03:05 I’m using a leading underscore (_) to show that we should not access or modify these attributes from outside of the Rectangle class.

03:15 In order to calculate the area, I’ll create a new method called .area(). This will simply return the ._length times the ._height.

03:26 I’m going to add this @property decorator to the method so that we can access it as if it were an attribute and not a method. That just means that we’ll call the method without parentheses.

03:41 Now, I’m going to create a new class called Square, which will inherit from Rectangle. This class will have a different interface for its requirements.

03:53 It will accept only a side_size and then it will initialize its parent constructor, passing in that size for both the length and the height.

04:06 That looks like it should be good. Let’s try this out by instantiating the classes. I’ll create a rectangle object that will store a 2 by 4 Rectangle.

04:19 This should give us an area of 8. To check that I’ll say assert rectangle.area == 8. The assert keyword acts almost as a conditional.

04:35 If the Boolean statement evaluates to True, execution continues to the next line.

04:41 If it’s False, execution stops and an AssertionError is raised. Also, notice how we didn’t call the .area() method with parentheses.

04:52 It almost looks like it’s an attribute. That’s because we marked that method as a property. We can use a property for this method because we aren’t passing any data to the .area() method. We’re just calling it, so it calculates the area based on the instance attributes already set in the object. Next, I’ll create a square of length 2.

05:18 Just like before, we want to assert that the area of this square is 4.

05:25 If all this checks out I’ll print "OK :)".

05:31 It looks like everything is okay so far. Right now, Square just acts as a specialized Rectangle. But now what happens if we have to add support for resizing the rectangle after it’s been created? That doesn’t sound too hard.

05:50 All we have to do is create a method called .resize(), which will change the instance attributes of the Rectangle to some new values.

06:01 I’ll add this new method to our list of assertions.

06:08 All right, that seems to work fine. What about resizing a square? The Square class inherited the .resize() method from the Rectangle class.

06:20 I’ll give it some dimensions that are not equal.

06:29 And now we see that it’s working, unfortunately.
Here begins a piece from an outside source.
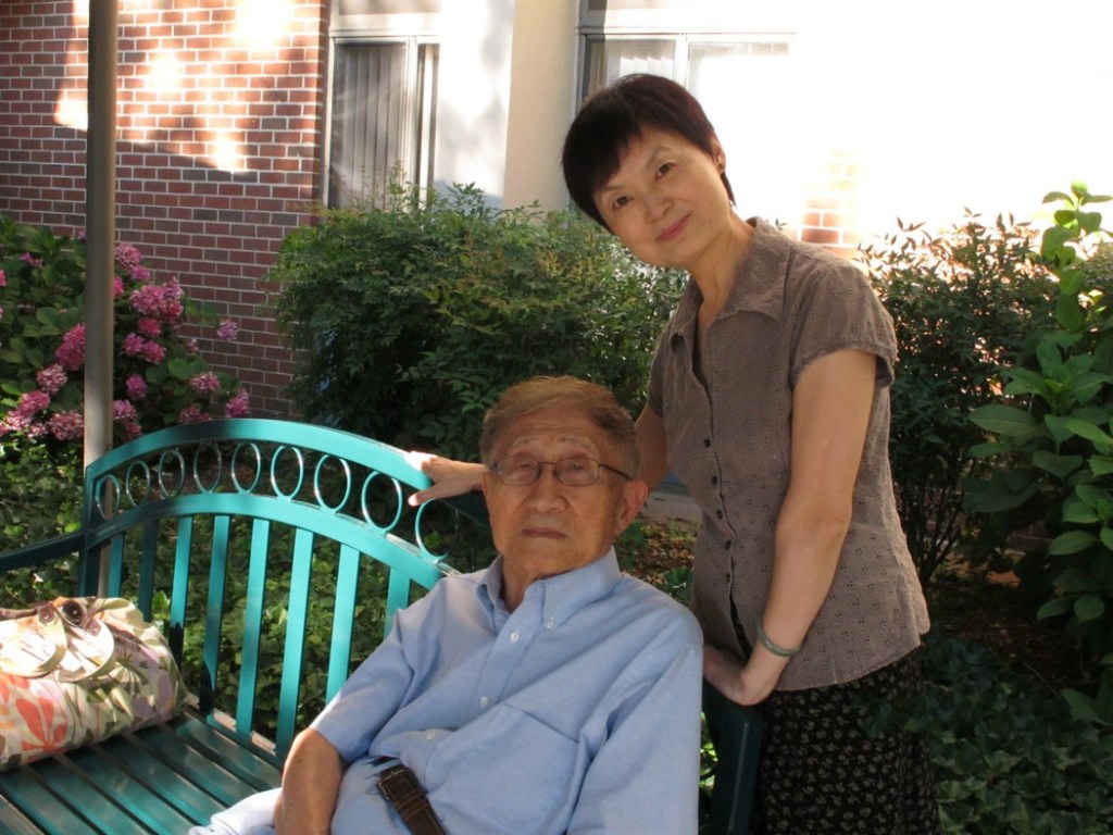(2011年,本文作者与巫宁坤在他居住的老年公寓楼下合影。巫宁坤称这里为“一室一厅藏拙处”)
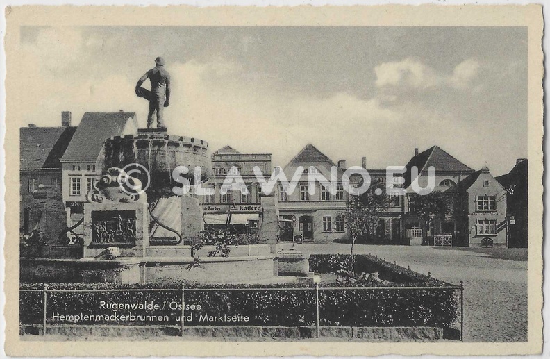 Oryginalny napis: Rügenwalde / Ostsee – Hemptenmackerbrunnen und Marktseite

We’ve just created a Square object and transformed it into what’s really a rectangle, but it’s still of type Square; now it’s just an invalid square. There are ways that we can fix this, but it’s going to be awkward any way we do it.

06:50 We could override the .resize() method in the Square class, ignoring the height parameter, but then we’d have a bunch of Rectangle objects where only some of them are resized with two parameters—the rectangle—and others—the squares—are resized with one. The Square and the Rectangle require different interfaces because their .resize() methods require a different number of arguments.
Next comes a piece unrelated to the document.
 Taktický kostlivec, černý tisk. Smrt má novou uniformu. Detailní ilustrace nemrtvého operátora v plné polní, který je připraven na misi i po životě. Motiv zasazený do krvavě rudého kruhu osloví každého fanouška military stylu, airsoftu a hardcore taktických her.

07:18 This justifies not inheriting one from the other.

mojkol on Dec. 18, 2021

First, thank you for the great tutorial! Let me ask a quick question. I just don’t understand why the Square class can’t inherit the Rectangle? You said, because resize() method requires two parameters for the Rectangle class and it requires one parameter for the Square class. What confuses me is that, the same goes for the init() method. init() of Rectangle accepts two parameters and the init() of Square accepts one parameter! So, why this fact is not a problem for init(), but it is a problem for resize()?! Thanks!
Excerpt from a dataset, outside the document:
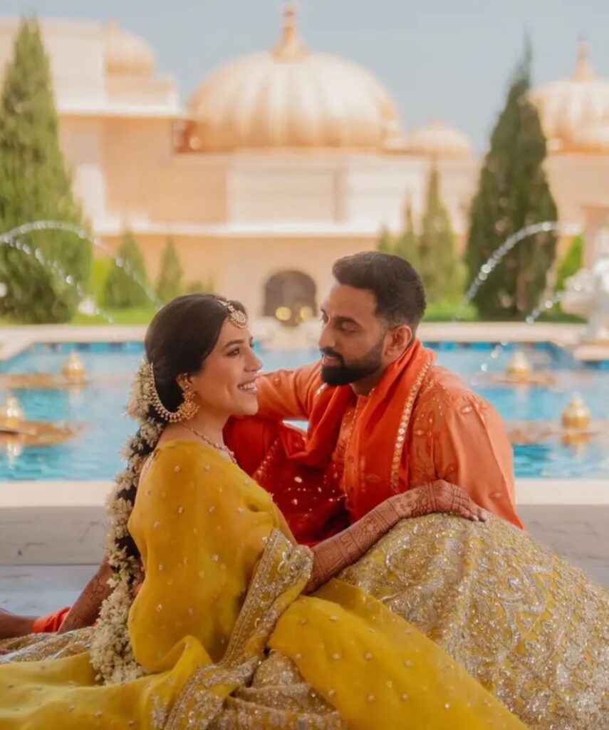 Stand out like two vibrant marigold blooms in these colour-coordinated outfits. The groom’s burnt orange kurta-pyjama with mirror work contrasts beautifully with the bride’s mustard yellow lehenga, adorned with delicate white and silver embroidery.
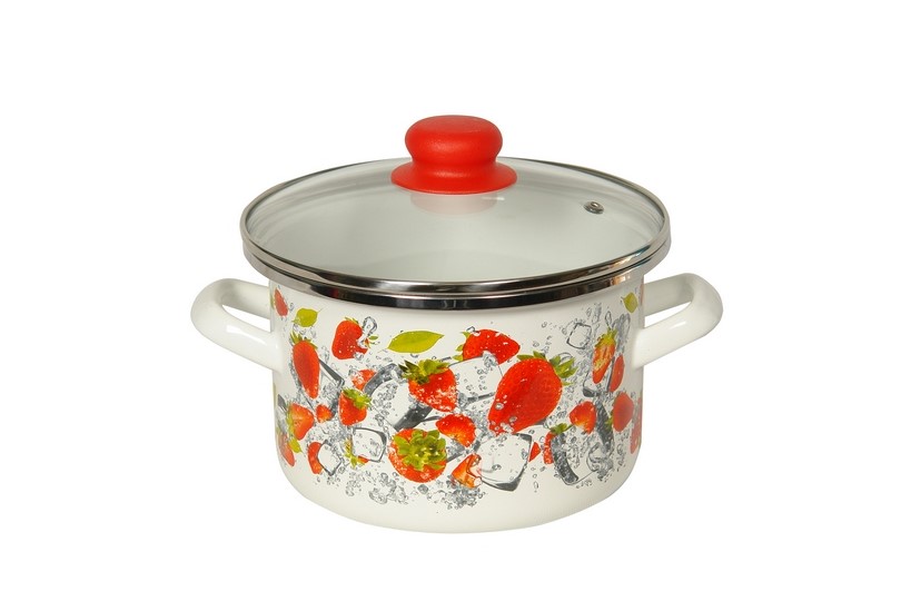 Кастрюля 2,5л OMELIA Клубника цилиндрическая форма стеклянная крышка эмаль

Bartosz Zaczyński RP Team on Jan. 3, 2022

@mojkol The rectangle-square inheritance is a classic example of the Liskov Substitution Principle (the “L” in SOLID) violation, leading to subtle bugs. In a nutshell, code that expects rectangles should work correctly with instances of rectangle’s subclasses without knowing the difference. Since squares exhibit different behaviors and properties than rectangles, you may be forced to check the type information at runtime, which breaks polymorphism. There’s a great lecture available for free on YouTube by Uncle Bob about the SOLID principles, which goes into more detail about the rectangle-square problem.